Cualquier persona humana (incluso las que no lo son) los
conoce. Y que los hay de variadísimos estilos.
Hoy evocaremos con preferencia los que, para crecer en
alcurnia cosmopolita, se vienen llamando “pubs”.
Los más entonados y elegantes, tienden a la madera
tallada, a los bronces y a las tulipas de controlado resplandor opalino; a la
buena moqueta que contribuye al rumor calmo y asordinado que clientes de
acreditada educación jamás profanarían.
En privilegiado emplazamiento se alza el notable altar o
retablo casi barroco, la estantería profusa donde las botellas más diversas,
como hermosas modelos de pasarela, exhiben deslumbrantes la fantasía infinita
de sus formas, de sus etiquetas, relatando orígenes, remotas procedencias,
aventureras heráldicas, prometiendo en fin toda suerte de sabores, sensaciones,
éxtasis. Espejos biselados y luces indirectas, aunque estratégicas, aumentan su
relieve y su incuestionable importancia, nunca disputada por pintura o grabado
alguno en la decoración matizada, que nunca debe cometer excesos.

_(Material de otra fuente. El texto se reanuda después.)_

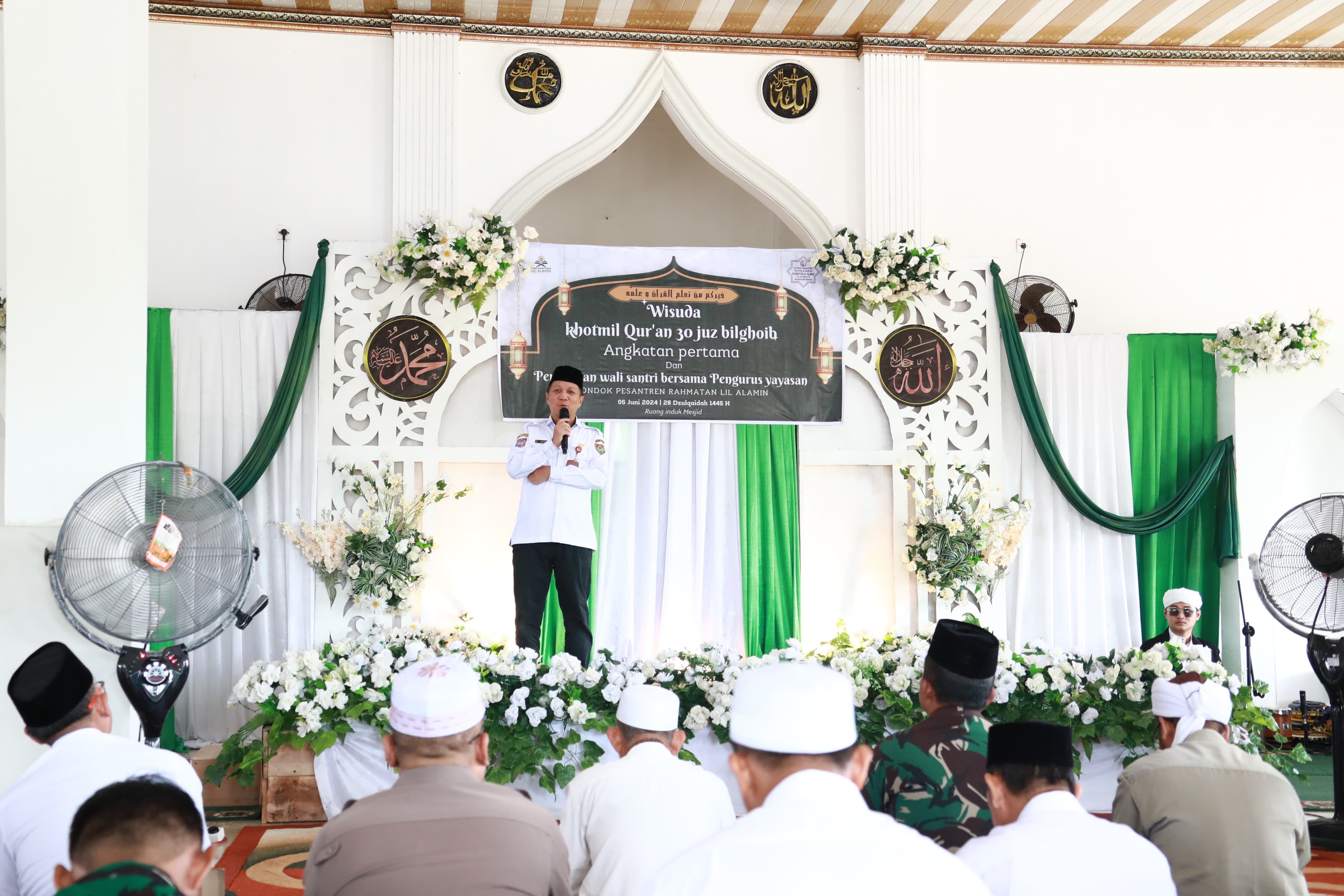 MMCKalteng - Palangka Raya - Staf Ahli (Sahli) Gubernur Kalteng Bidang Kemasyarakatan dan Sumber Daya Manusia (KSDM) Suhaemi mewakili Sekretaris Daerah Prov. Kalteng menghadiri Wisuda Khotmil Al Quran 30 Juz Bilghoib, bertempat di Pondok Pesantren Rahmatan Lil Alamin, Jl. Bandara Utomo I, Palangka Raya, Rabu (5/6/2024). Sahli KSDM Suhaemi dalam sambutannya menghaturkan terima kasih atas semangat dan dedikasi para santri mencintai Al-Quran.

La barra… qué decir: las molduras, el frecuente mármol,
el rodapié que ennoblece el grueso tubo de latón pulido y dorado…

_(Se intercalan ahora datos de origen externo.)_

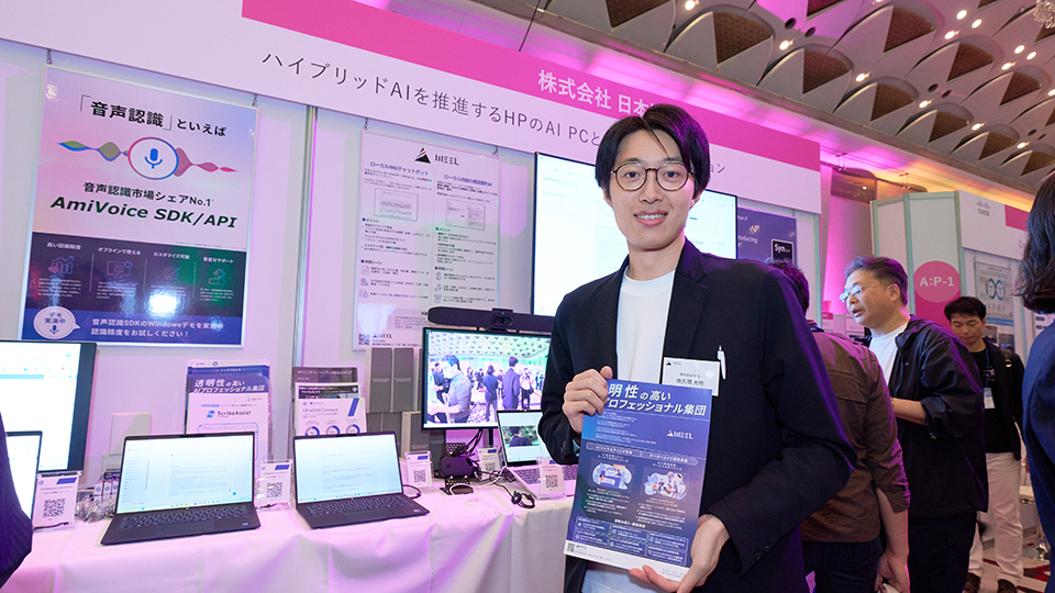 本イベントでは、日本HPのブース内にて、パートナー企業とのコラボレーションという形で出展し、生成AIを活用した取り組みや、実際のビジネス現場におけるAI活用の可能性についてご紹介しました。

Como sin par escultura de Praxíteles, el visitante
habitual, el paradigma, nos admira con el logro artístico de su delicado y
viril equilibrio: la copa, un poco en alto, un gentil y estudiado semicruce de
gambas que aporta mero apoyo en un solo pie, y el codo, posado apenas,
completando los casi milagrosos tres puntos que generan el ilusorio plano de
los geómetras.
Los bebedores conocen el escenario, el ambiente. También
los que, como yo hago a diario, abandonan la costumbre y la afición del
alcohol.
El bar, el “pub” poseen un halo de magia, una tentadora
sugestión de paraíso, muy difíciles de recusar.